*** Opening of DATA EXTRACT ***

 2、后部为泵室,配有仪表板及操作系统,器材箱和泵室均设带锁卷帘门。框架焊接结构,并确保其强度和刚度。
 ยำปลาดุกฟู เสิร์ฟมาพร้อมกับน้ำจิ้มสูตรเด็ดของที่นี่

*** Close of DATA EXTRACT ***
*** Opening of DATA EXTRACT ***

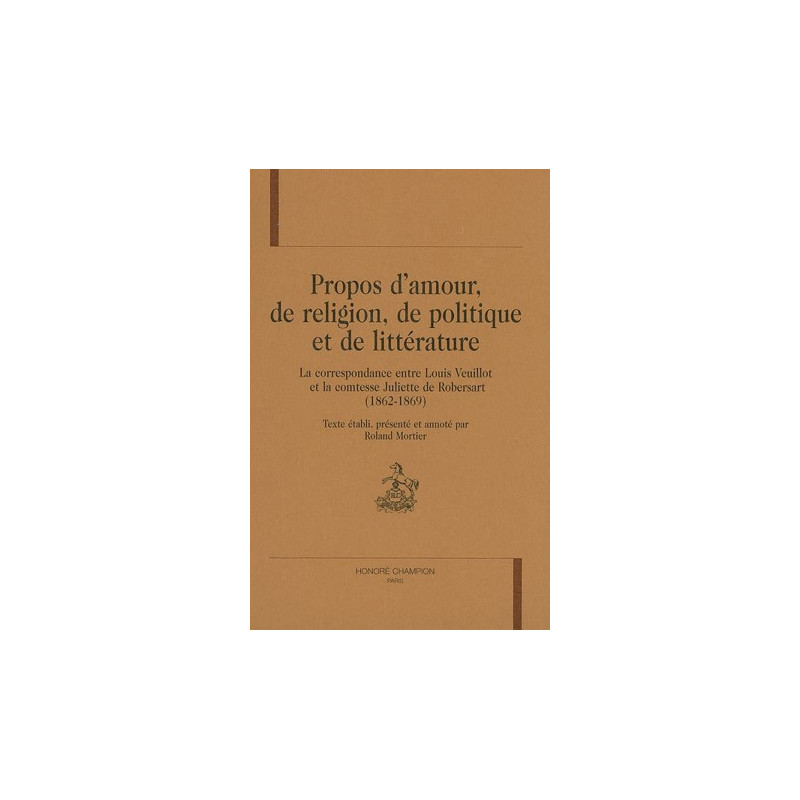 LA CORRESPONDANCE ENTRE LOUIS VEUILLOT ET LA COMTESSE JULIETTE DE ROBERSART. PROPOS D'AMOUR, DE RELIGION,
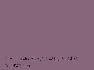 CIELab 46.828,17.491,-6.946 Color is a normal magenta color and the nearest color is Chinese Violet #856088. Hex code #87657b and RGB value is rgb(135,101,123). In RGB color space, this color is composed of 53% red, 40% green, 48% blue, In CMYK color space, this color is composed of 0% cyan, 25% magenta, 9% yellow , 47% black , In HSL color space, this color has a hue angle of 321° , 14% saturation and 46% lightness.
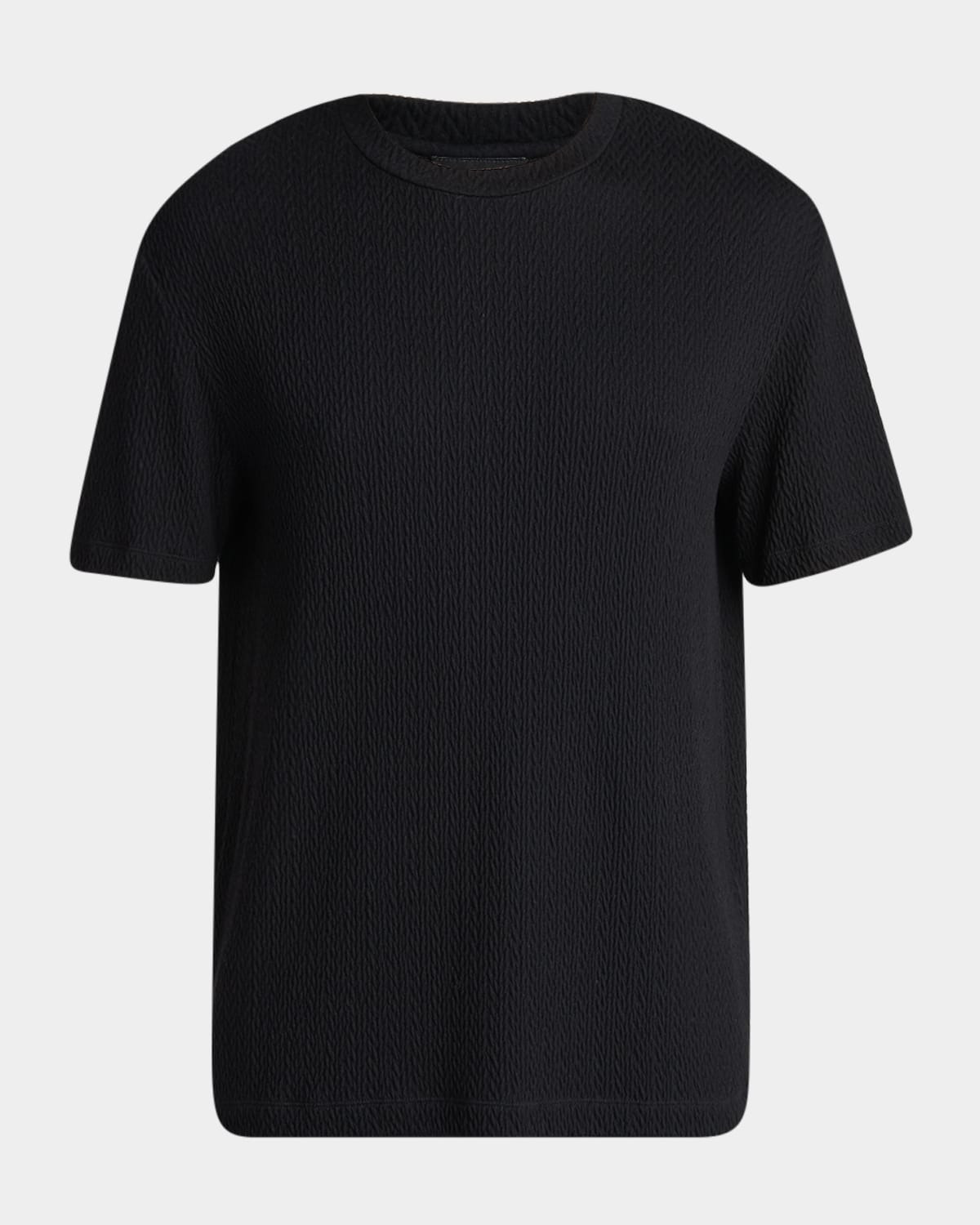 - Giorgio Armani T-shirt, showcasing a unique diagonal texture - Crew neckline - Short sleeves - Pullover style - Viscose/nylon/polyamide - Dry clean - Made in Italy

*** Close of DATA EXTRACT ***

• GOAL OF THE EXERCISE
From the records above, print exactly the lines that run from the line with "2、后部为泵室,配有仪表板及" to the line with "ยำปลาดุกฟู เสิ", inclusive.

• PROBLEM SOLUTION
 2、后部为泵室,配有仪表板及操作系统,器材箱和泵室均设带锁卷帘门。框架焊接结构,并确保其强度和刚度。
 ยำปลาดุกฟู เสิร์ฟมาพร้อมกับน้ำจิ้มสูตรเด็ดของที่นี่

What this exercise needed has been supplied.